Jonathan AC Roberts SSCoach Points: 18354 More actions · Answer 3

Declare @TheTable table (ID int, V1 varchar(1), V2 varchar(2), V3 varchar(1), V4 varchar(1))
Insert into @TheTable values (1, 'A', NULL, NULL, NULL)
Insert into @TheTable values (2, 'B', NULL, 'A', NULL)
Insert into @TheTable values (3, 'C', 'B', NULL, NULL)
Insert into @TheTable values (4, 'D', NULL, NULL, 'F')
Insert into @TheTable values (5, NULL, NULL, NULL, NULL)
Insert into @TheTable values (6, 'E', NULL, 'B', NULL)

;with cte as
(
    select *
      from @TheTable t
     cross apply(values (t.V1),(t.V2),(t.V3),(t.V4)) u(col)
)
select DISTINCT a.ID, a.V1, a.V2, a.V3, a.V4
  from cte a
 where exists(select * 
                from cte b
               where b.ID <> a.ID
                 and b.col = a.col)

derrickmeister SSC Enthusiast Points: 125 More actions · Answer 4

pietlinden wrote:

Why do you have 4 columns that, in theory, contain potential duplicates and lots of nulls? Either I'm missing something, or this is a nonsensical question.

I understand this might be kind of unusual. However, there could a case where a user can put any values into 4 extra custom columns whatever they want to put. And at some point, they want to clean up duplicated values or pull some sort of report based on the duplicated values among those extra columns.

Thanks!

This reply was modified 5 years, 7 months ago by derrickmeister.
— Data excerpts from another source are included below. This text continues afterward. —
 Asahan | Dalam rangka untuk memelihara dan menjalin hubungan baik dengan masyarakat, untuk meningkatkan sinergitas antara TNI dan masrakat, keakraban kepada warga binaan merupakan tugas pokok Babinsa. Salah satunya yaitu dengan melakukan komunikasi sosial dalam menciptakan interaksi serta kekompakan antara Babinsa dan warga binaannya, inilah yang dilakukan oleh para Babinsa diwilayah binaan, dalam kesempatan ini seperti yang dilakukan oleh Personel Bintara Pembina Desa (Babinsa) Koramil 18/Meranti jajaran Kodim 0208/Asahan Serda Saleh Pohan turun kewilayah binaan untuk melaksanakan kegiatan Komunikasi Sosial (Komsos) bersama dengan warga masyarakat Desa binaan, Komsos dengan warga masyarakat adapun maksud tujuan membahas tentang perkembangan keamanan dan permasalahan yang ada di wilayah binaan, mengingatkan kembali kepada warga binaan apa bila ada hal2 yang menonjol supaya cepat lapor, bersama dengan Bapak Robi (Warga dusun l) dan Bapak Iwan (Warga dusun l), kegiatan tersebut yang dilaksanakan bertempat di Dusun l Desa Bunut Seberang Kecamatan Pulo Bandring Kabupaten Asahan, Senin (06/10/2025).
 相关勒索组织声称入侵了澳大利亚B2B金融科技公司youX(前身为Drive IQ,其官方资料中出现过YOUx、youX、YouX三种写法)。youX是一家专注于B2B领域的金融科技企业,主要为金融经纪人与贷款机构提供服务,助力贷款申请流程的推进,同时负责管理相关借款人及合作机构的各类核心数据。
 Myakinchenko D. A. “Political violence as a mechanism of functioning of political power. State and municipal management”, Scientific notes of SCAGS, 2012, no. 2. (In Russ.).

derrickmeister SSC Enthusiast Points: 125 More actions · Answer 5

derrickmeister

SSC Enthusiast

Points: 125

April 23, 2019 at 3:17 pm

#3524897

Thanks! Lynn and Jonathan.

autoexcrement SSCertifiable Points: 5956 More actions · Answer 6

Lynn-

I'm really fascinated by your solution. I don't think I've come across that concept of outer joining to the FROM table using the VALUES constructor. Is that functionally similar to doing an UNPIVOT in this case?

"If I had been drinking out of that toilet, I might have been killed." -Ace Ventura

Lynn Pettis SSC Guru Points: 442467 More actions · Answer 7

autoexcrement wrote:

Lynn- I'm really fascinated by your solution. I don't think I've come across that concept of outer joining to the FROM table using the VALUES constructor. Is that functionally similar to doing an UNPIVOT in this case?

Thinking about it, I think it is. It is making multiple rows from multiple columns.